▶
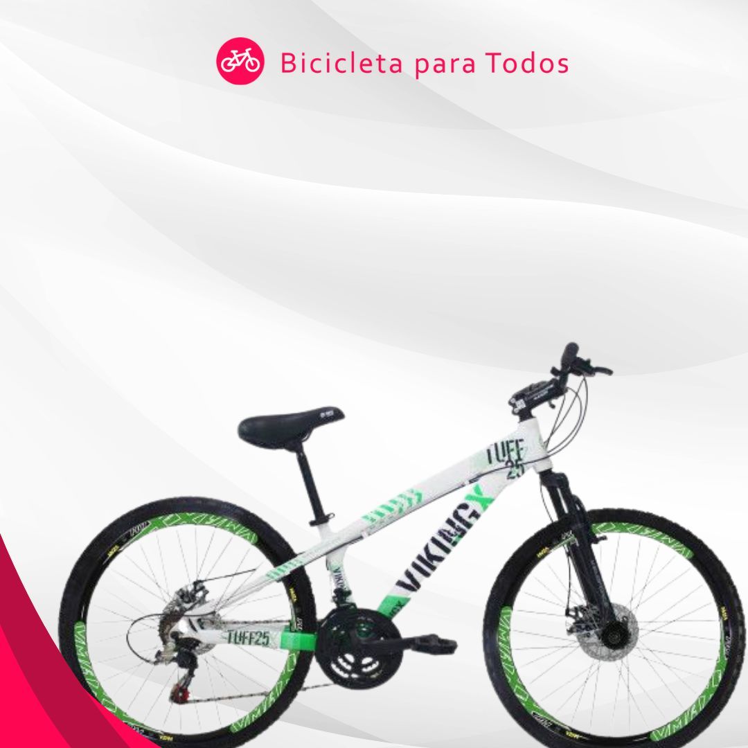 Ela é da marca Vikingx do modelo Tuff25 Freeride, de cor branca e verde e é uma das maiores bicicletas da lista, pois possui aro 26.
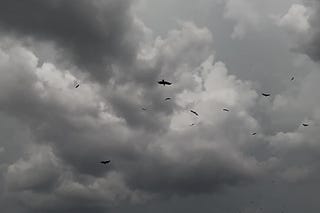 Clouds heap into the horizon, their bellies bruised with thunder.
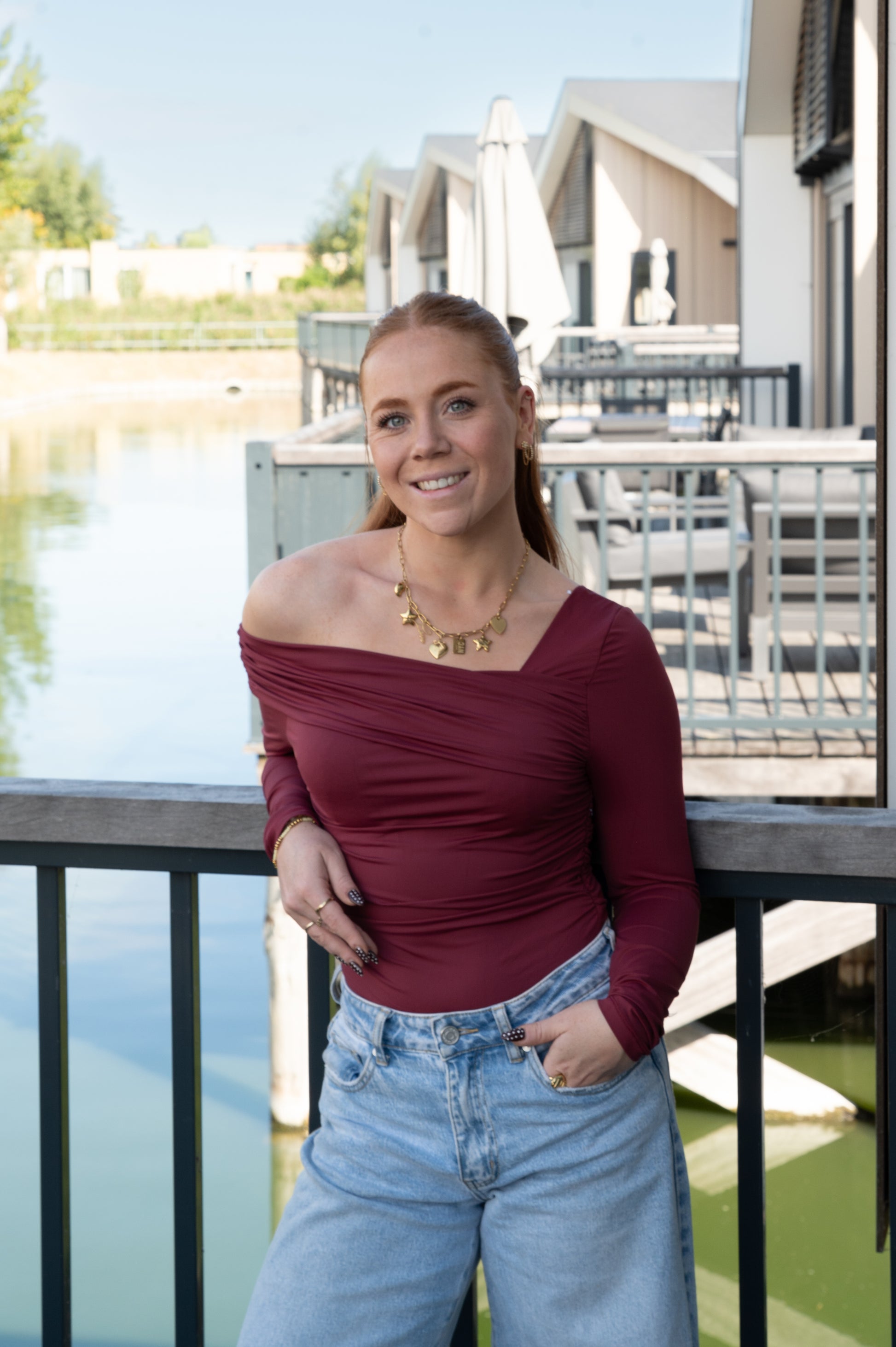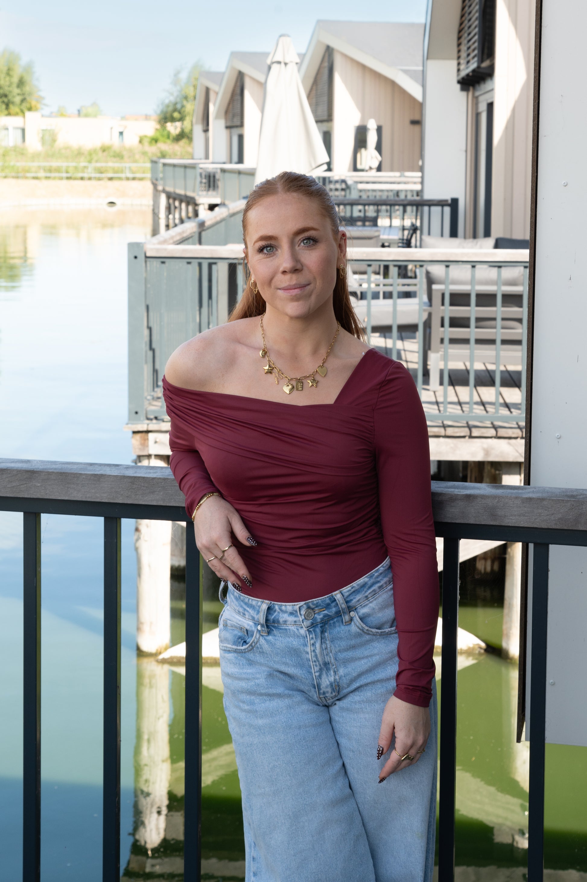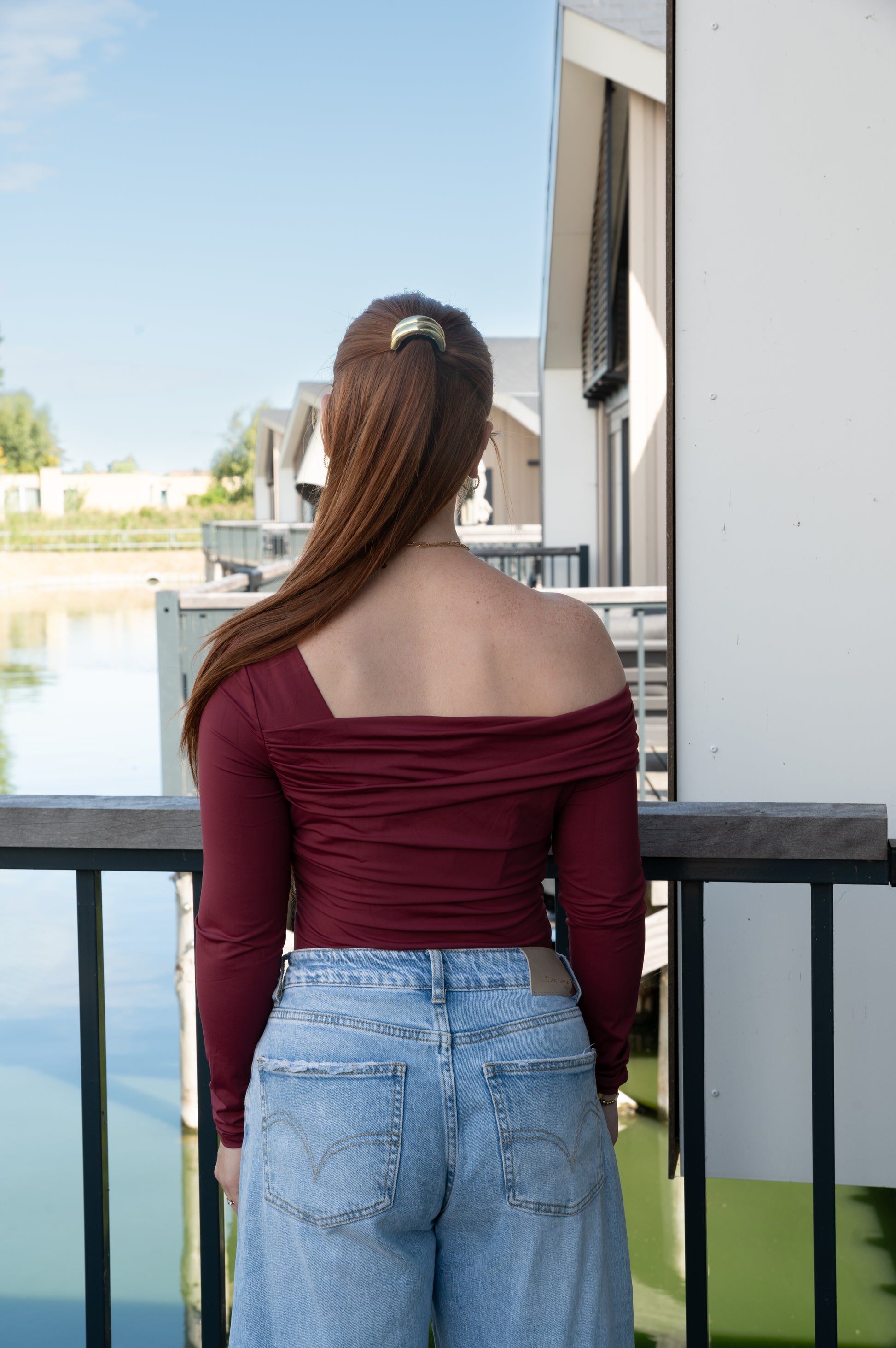 Stoer, vrouwelijk en superstijlvol! Deze bordeaux body heeft een asymmetrisch ontwerp met één off-shoulder zijde, wat zorgt voor een elegante en trendy look. Perfect om te combineren met een jeans, rok of onder een blazer voor een avondje uit of een chique casual look.
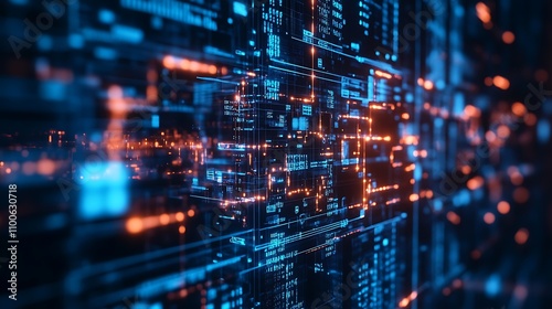 Abstract Digital Network with Blue and Orange Glowing Lines
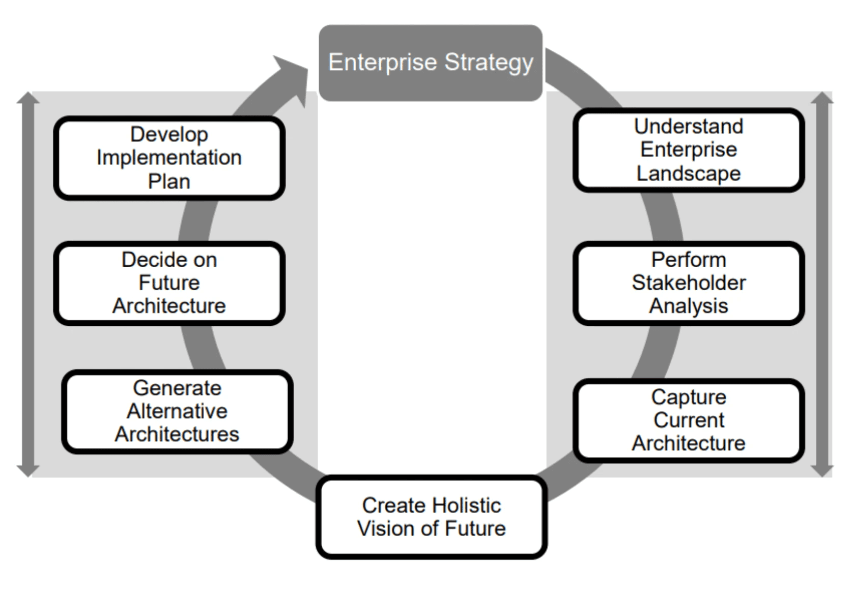 A variation of the ARIES* framework (below) was employed for systems architecting in a way that would develop an enterprise structure that would be more likely to produce qualitative, human-centric research, data, and sharing infrastructures. The framework was adjusted from the original presented below, reversing the steps of "stakeholder analysis" and "capturing current architecture."
◀
*TASK DIRECTIONS*
Your task is to reproduce all of the material exactly. The pictures stay out.

*REPLY TO THE EXERCISE*
 Ela é da marca Vikingx do modelo Tuff25 Freeride, de cor branca e verde e é uma das maiores bicicletas da lista, pois possui aro 26.
 Clouds heap into the horizon, their bellies bruised with thunder.
 Stoer, vrouwelijk en superstijlvol! Deze bordeaux body heeft een asymmetrisch ontwerp met één off-shoulder zijde, wat zorgt voor een elegante en trendy look. Perfect om te combineren met een jeans, rok of onder een blazer voor een avondje uit of een chique casual look.
 Abstract Digital Network with Blue and Orange Glowing Lines
 A variation of the ARIES* framework (below) was employed for systems architecting in a way that would develop an enterprise structure that would be more likely to produce qualitative, human-centric research, data, and sharing infrastructures. The framework was adjusted from the original presented below, reversing the steps of "stakeholder analysis" and "capturing current architecture."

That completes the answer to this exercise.